The third measure of central tendency is the mode. The mode is simply the most frequently recurring value. If the same number appears again and again in a distribution, the distribution will be essentially flat. If 70 percent or 80 percent of the population falls on or close to the mode, it probably represents the right time standard. It would then be appropriate to throw out non-modal times.
One final note on distributions is about spread, or the shape of the distribution. If a distribution is long and spread out, it shows a lot of variability – many people recording many different times, both high and low, taken to complete a task. The more spread out a distribution is, the more difficult it will be to assign a time standard to the task. It may be that the team consists of a wide variety of skill levels and thus performance is varied. Or several different types of transactions may be being measured under one heading. Re-check what is being measured and the experience levels of the associates until the factors responsible for the variability are clear – reducing variability will improve the validity of the time standard.
Before an organization can manage productivity based on standard times, it is critical is to understand the interplay between demand, capacity and utilization, and to know how to pull the various levers to ensure that demand is anticipated, capacity managed and utilization driven to the highest levels.

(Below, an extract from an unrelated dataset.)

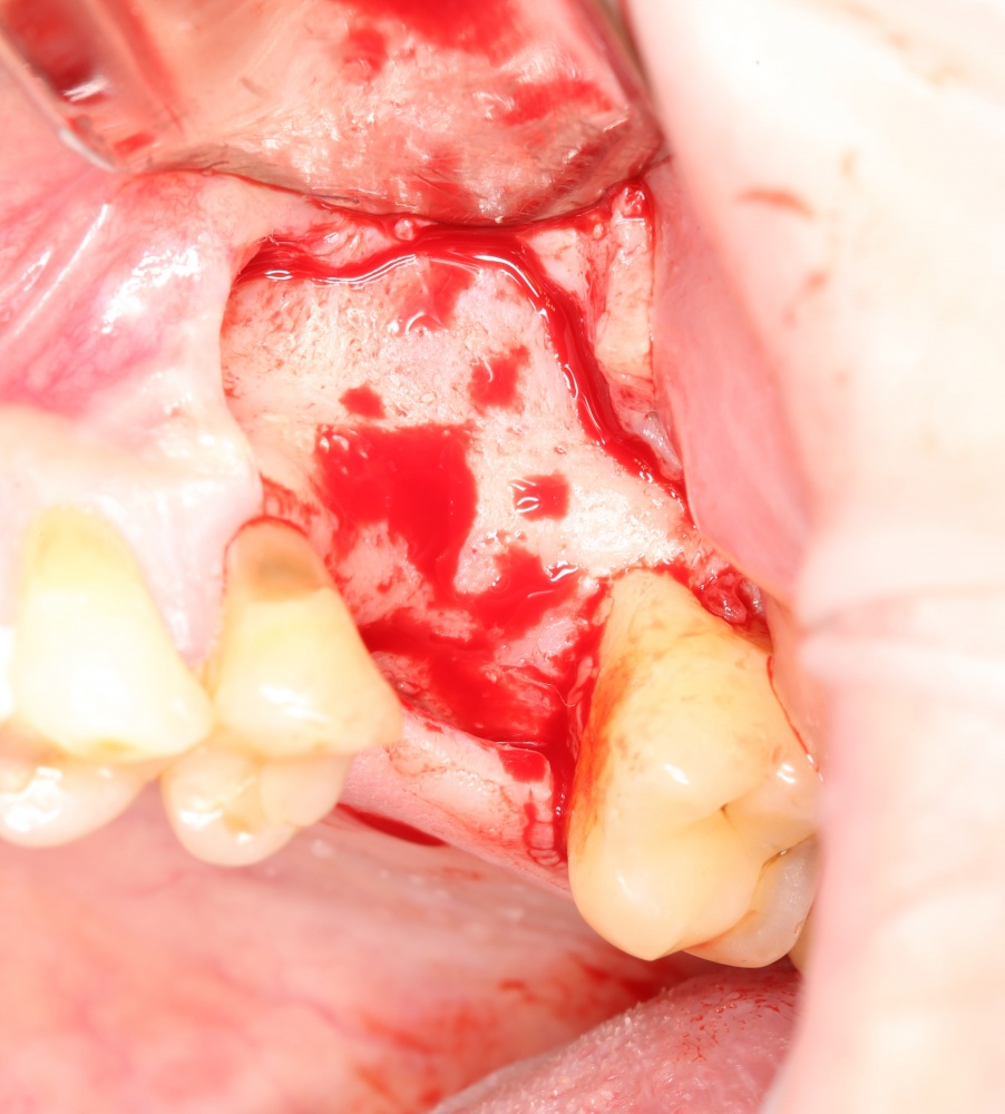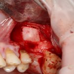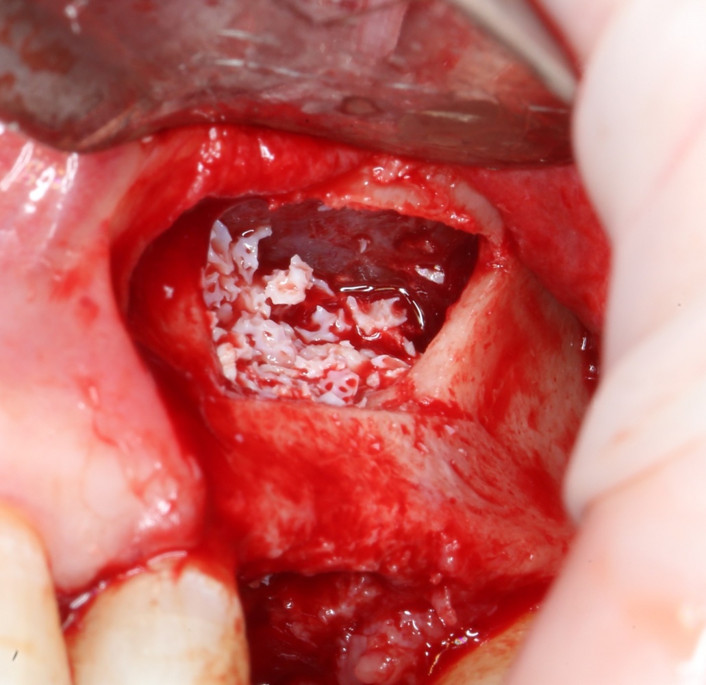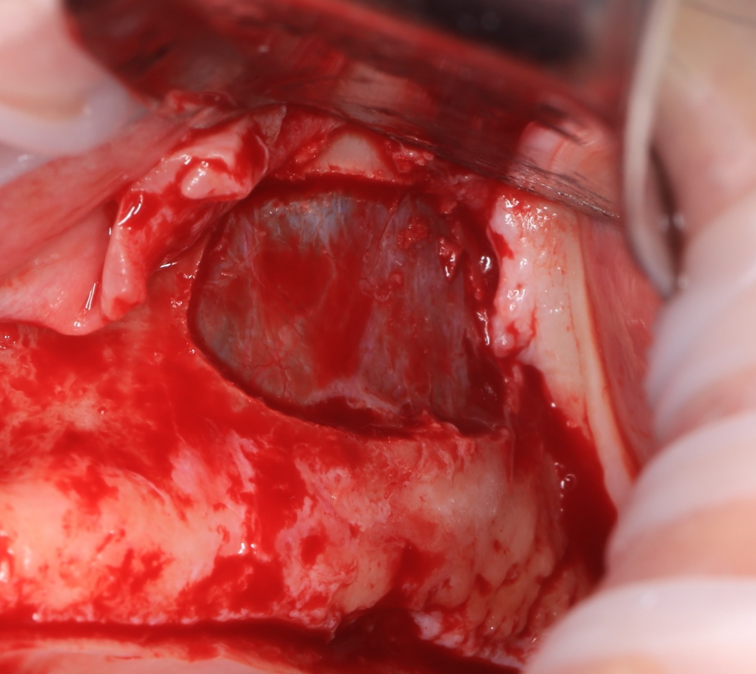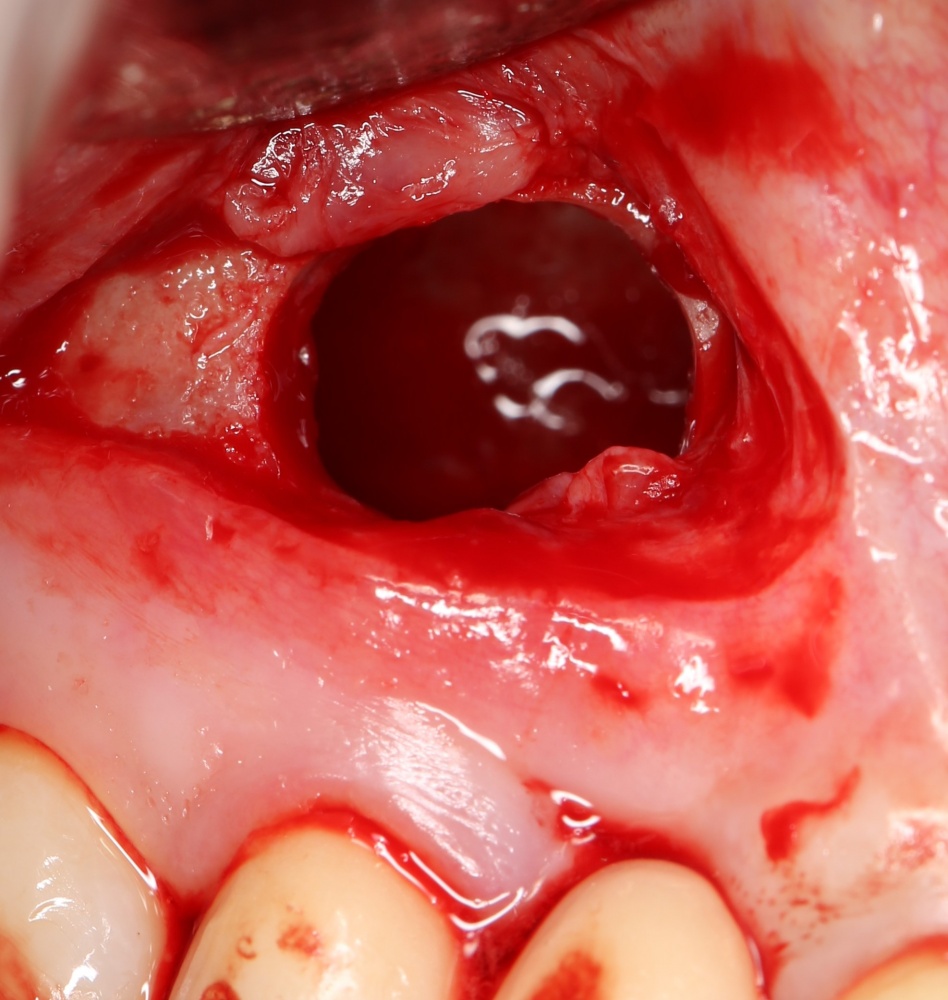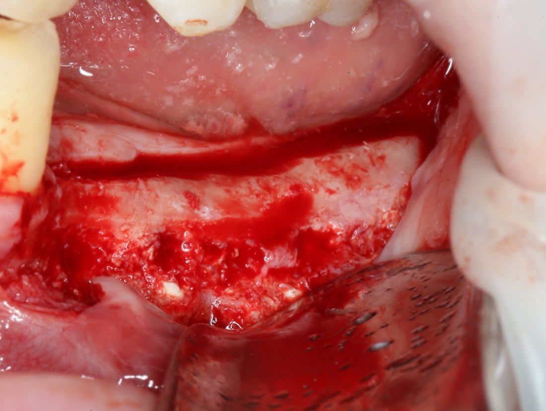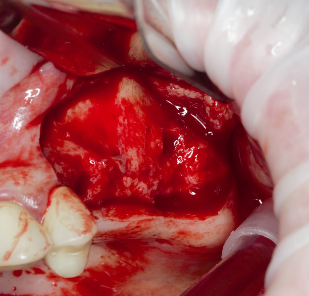 Конкретно в этом клиническом случае между костным аутотрансплантатом, ложем и имплантатами есть пустое пространство. Если его не изолировать от мягких тканей, они прорастут и осложнят интеграцию аутографта. Поэтому я решил перекрыть костный блок барьерной мембраной, пусть это делает хирургическую операцию немного дороже.

Assigning work based on transaction types rather than time standards can result in capacity imbalances. Using time standards allows an organization to balance its capacity. When capacity is balanced, utilization increases, thus other value-added activities can be undertaken when everyone is working to capacity and doing their fair share.
Utilization represents a manager’s ability to maintain the balance between capacity and demand and to strike the optimal mix. Utilization will constantly shift based on changes in demand, capacity, seasonal factors and other constraints such as turnover, training time, vacation time and so forth. Therefore, rebalancing on a regular basis is important.